「AI、アニメ風のGTAを作って」 「AI、麻雀版のBalatroを作って」
AIのおかげで、仕事でコードを書く時間が減り、ぼんやり考える時間が増えた。自分の専門性とは何なのか、考えずにはいられなくなった。
かつてゲームを開発することは、天険を越える遠征のようなものだった。プログラム・アート・企画といった複雑な技術を習得して初めてゴールにたどり着けた。
しかし今日、ジェネラティブAIの爆発的な進化により、誰でもアイデア一つでゲームを作れる時代に入った。技術的な障壁が取り除かれた今、アイデアそのものはもはや最も豊富なものになりつつある。
多くの人が不安を感じているかもしれない——AIがコードを書き、絵を描き、レベルデザインの提案までできるなら、私たちの専門性にはどんな価値が残るのか?
10年この業界にいる私は、その答えは曖昧になるどころか、むしろより鮮明になったと思う。なぜなら、ゲーム開発の専門性はずっと「良いアイデアを持つこと」ではなく、「具体的な問題を解決できること」だったからだ。
アイデアに価値はない、完成することが専業だ
新人開発者の口からよく聞く言葉がある。「すごいアイデアがあって、作ったら絶対ヒットする」。しかしベテラン開発者の目には、この言葉はたいして重みを持たない。商業開発の現場では、アイデアそのものには価値がないからだ。
本当の専門性は、限られた時間の中で限られたリソースを組み合わせ、市場競争力のある製品を安定して完成させる能力にある。誰でも火花を散らせるが、嵐の中で焚き火を絶やさずに保てるのは職人だけだ。組織の中では「安定した産出」と「予測可能なクオリティ」が目標であり、専業の価値はリソースの精巧なコントロールと、開発プロセスへの深い理解にある。
「これはクールだ」から「これは問題を解決できるか」へ
ゲーム開発では「自己満足の創意」を捨てなければならない。かつては自分がクールだと思うシステムを売り込むために延々と議論したものだが、プロとして提案の基準は「クールかどうか」から「費用対効果の高い方法で特定の問題を解決できるか」へと変わるべきだ。
私はゲーム開発のプロセスは、エンジニア的な思考モードだと考えている:
- 問題を定義する:なぜプレイヤーは第3ステージで離脱するのか?難易度曲線が急すぎるのか、報酬フィードバックが不足しているのか?
- 解決策を設計する:新しい数値システムを開発すべきか、既存のレベルリズムを調整すべきか?
- 意思決定のロジック:3ヶ月かけてカッコいいドラゴンを1体作るのと、普通の雑魚モブを10体作るのでは、どちらが効果的か?
- 結果を測定する:機能リリース後のリテンションデータは期待通りに改善されたか?
私たちは単なる「クリエイター」ではなく「診断者」だ。目的を精密なデザインパラメータに変換し、直感と執着を数値と論理で置き換える。これは創意を殺すことではなく、創意を本当に有用なものにすること——表面的な飾りではなく。
自我を収める:職人精神の回帰
私が開発者を感情のない開発機械にしようとしていると思われるかもしれない。そうではない。ゲームを愛しているからこそ、「自我を収める」ことの重要性がわかる。
商業開発の打算とは異なり、インディーゲームは開発者の魂の純粋な投影であり得る——そのあり方を否定する気はない。しかしインディー開発であれ商業開発であれ、ゲームの最終目的は「プレイヤーを楽しませること」だと私は思う。
それはつまり、時に特定のゲームプレイへの個人的なこだわりを脇に置き、どんなシステムが対象プレイヤーを最も喜ばせられるかを考える必要があるということだ。
そして専業の職人精神とは、厳密な論理と高効率の実行の背後で、常に「プレイヤーの体験」を最優先に置くことだ。

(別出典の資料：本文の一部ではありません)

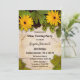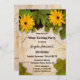 Birthday party invitation featuring a wine theme with hanging grapes and leaves on a rustic background wall with happy yellow flowers. Customisable for either a wine tasting or a birthday party or both.
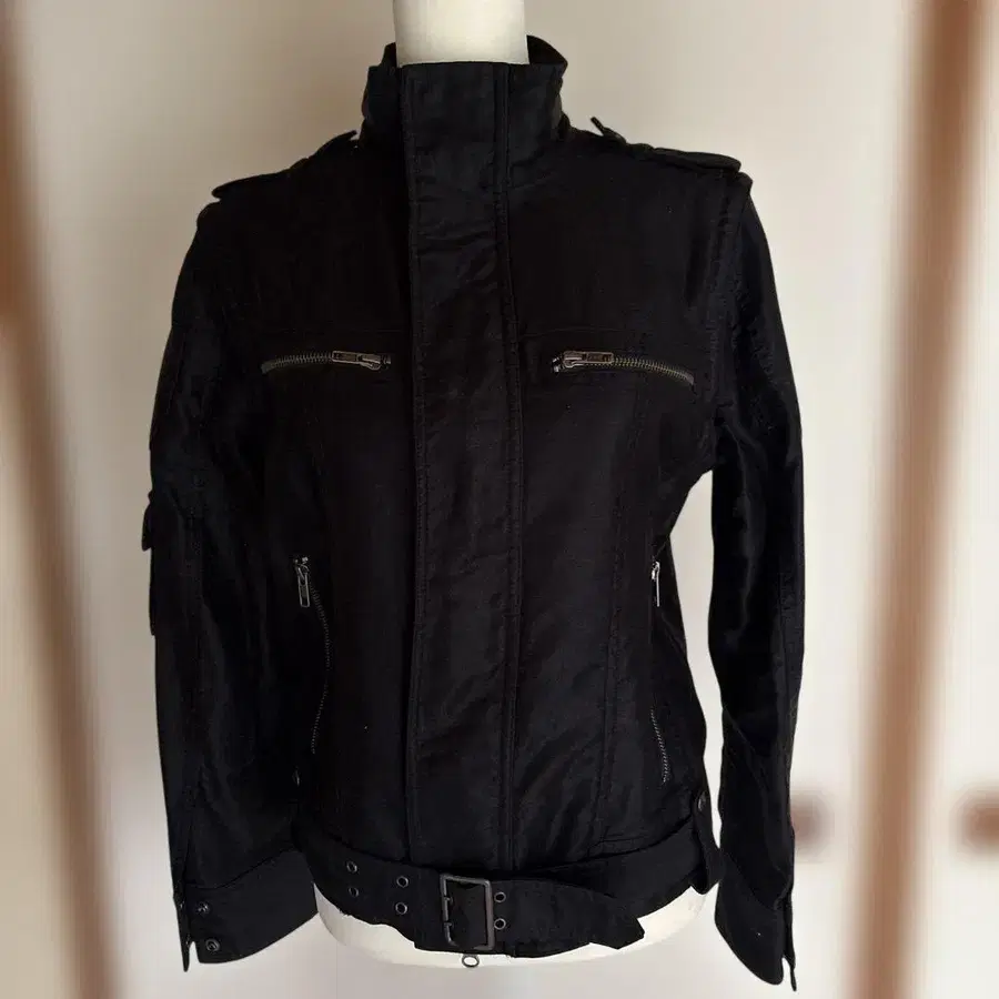 스탠드 카라의 블랙 자켓, 지퍼 포켓과 허리 벨트가 있어 스타일리시합니다. - 색상: 블랙 - 디자인: 지퍼 포켓 부착 - 스타일: 스탠드 카라 - 특징: 허리 벨트 부착 - 소매: 긴팔 방문해 주셔서 감사합니다.

AIツールを活用して些末な産出を加速するのは、より本質的な問いに大脳のリソースを使うためだと私は考えている——プレイヤーは今何を感じているか?この楽しさは精確か?自分のデザイン意図は正しく伝わっているか?
まとめ
AI時代は専業開発者の価値を損ねてはいないと私は考える。未来の核心競争力は、厳密な論理を持ち、実際の体験上の問題を解決でき、常に「プレイヤーの喜び」を最高の指針とする職人たちのものだ。
アイデアをしまっておこう。
いや、やっぱり全部出そう。
私がそれを一つひとつ否定していき、最終的な答えを見つけ、最高のゲームを作り出そう。